When troubleshooting any computer part patience and being thorough are the key to success. Troubleshooting the motherboard is no different in this respect. When attempting to boot up a computer and there is no beep, a series of beeps, or nothing happens when the power button is pressed, there are a few areas that can be checked that are most likely the culprits. First off, it is important to distinguish whether the computer you are working on is one that has been newly built and this is the first attempt to boot it, or whether this is a computer that has been working in the past and now no longer is. The reason this distinction is made is that if you are attempting to boot a computer with a new motherboard for the first time, there is always the chance that the motherboard or another component is simply defective coming from the manufacturer, whereas with an older computer that has been working in the past, you know that at one time all the components have worked properly and that something must have changed to cause this issue.

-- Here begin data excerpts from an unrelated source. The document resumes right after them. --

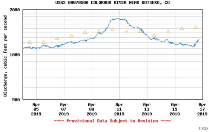Lee said that about 1,400 acre-feet of water from Green Mountain Reservoir in Summit County has been released so far to meet the Shoshone Outage Protocol requirements. He said the protocol will probably be relaxed in the next week or two because spring runoff will begin to naturally boost river flows.
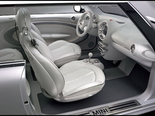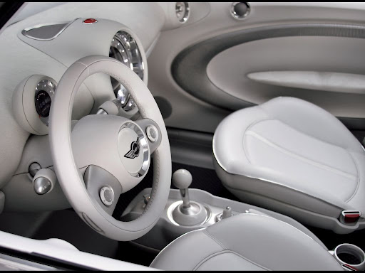 Throughout the interior, white leather underlines the impression of modern style and generous space, adding a strong touch of sophisticated class and stylish flair. The colour white emphasises the clear lines of MINI Concept Frankfurt, top-quality leather being used on different surfaces, the warm, natural surfaces being supplemented by cool-looking, metallic trim at all appropriate points. An aluminium-coated glass-fibre structure, for example, accentuates the door panels and linings inside the car, while a special carbon-fibre look highlights the foot area in combination with nylon texture carpeting adding a particular touch of sporting style.
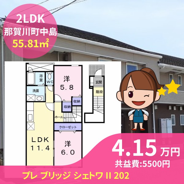 阿南市那賀川町中島のプレ ブリッジ シェトワ II 202をご紹介します
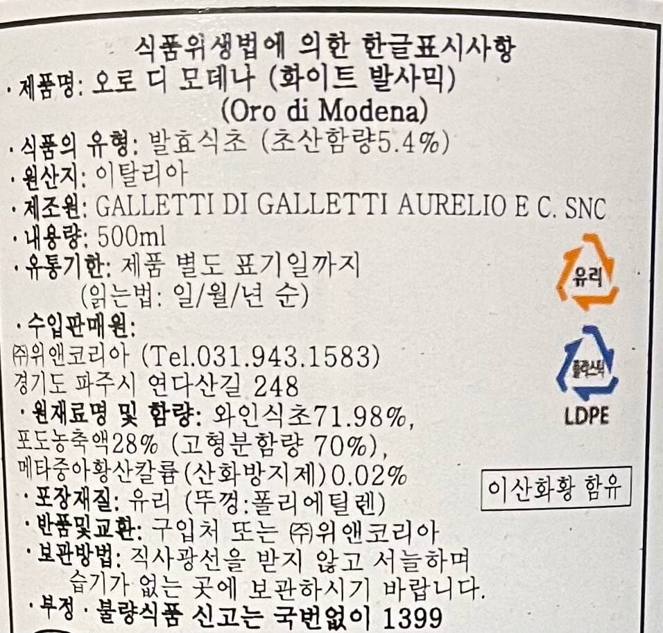[Galletti] 화이트 발사믹 오로 디 모데나
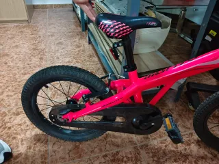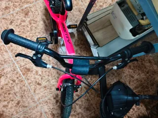 Bicicleta infantil de la marca Monty en color rosa. - Manillar negro con puños texturizados. - Frenos delanteros y traseros. - Pedales con reflectores.
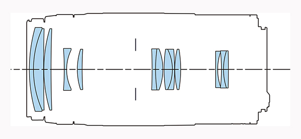 - Kết cấu ống kính: 13 thấu kính chia thành 9 nhóm
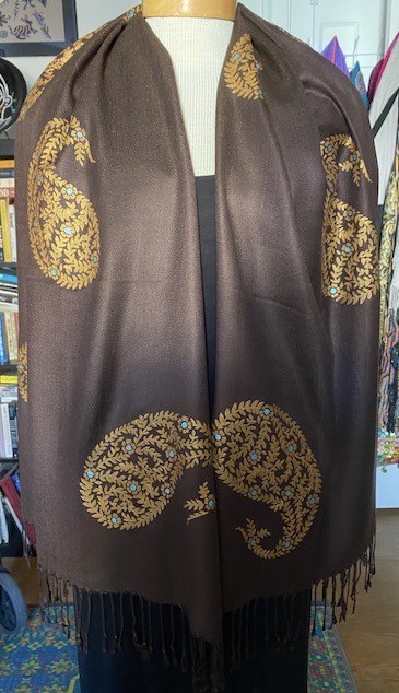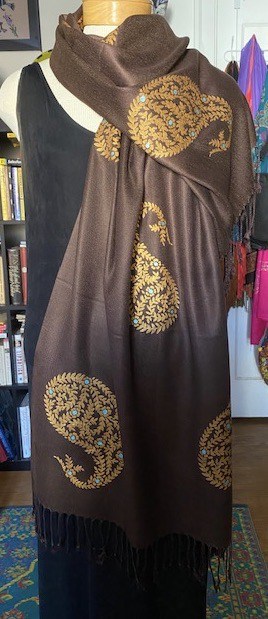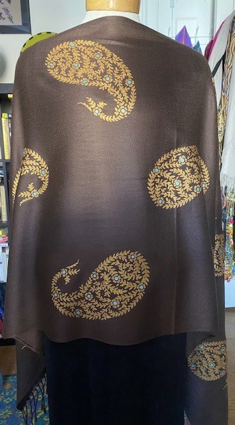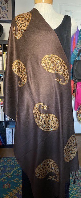 You are here: Home / Pashmina Wraps / Jaipur Gold Paisley on a Brown Pashmina

Whenever troubleshooting it is always best to check the simplest solutions first. If there seems to be no power at all when pushing the computer’s power button this is most likely an electrical issue. Cables can come loose for a variety of reasons and it is a simple task to check all the connections to ensure they are all properly seated and plugged into the correct ports. Along with checking the cables within the system, it is also important to check the power at the wall outlet. It is possible that there is an issue there or that the computer is not properly plugged into the outlet or surge protector. It is also important to check the power supply. “Is the switch on the rear of the case on? Is the dual voltage selector switch set correctly? Are the power supply connectors securely connected?” (Andrews, J., Dark, J., & West, J, p. 198.) If the answer to all these questions is yes, it is very possible that it is a bad power supply. An easy way to check if this is true would be to swap out the power supply for another that you know for certain is good.
Andrews, J., Dark, J., & West, J. (2017). CompTIA A+ Guide to IT Technical Support. Boston: Cengage Learning.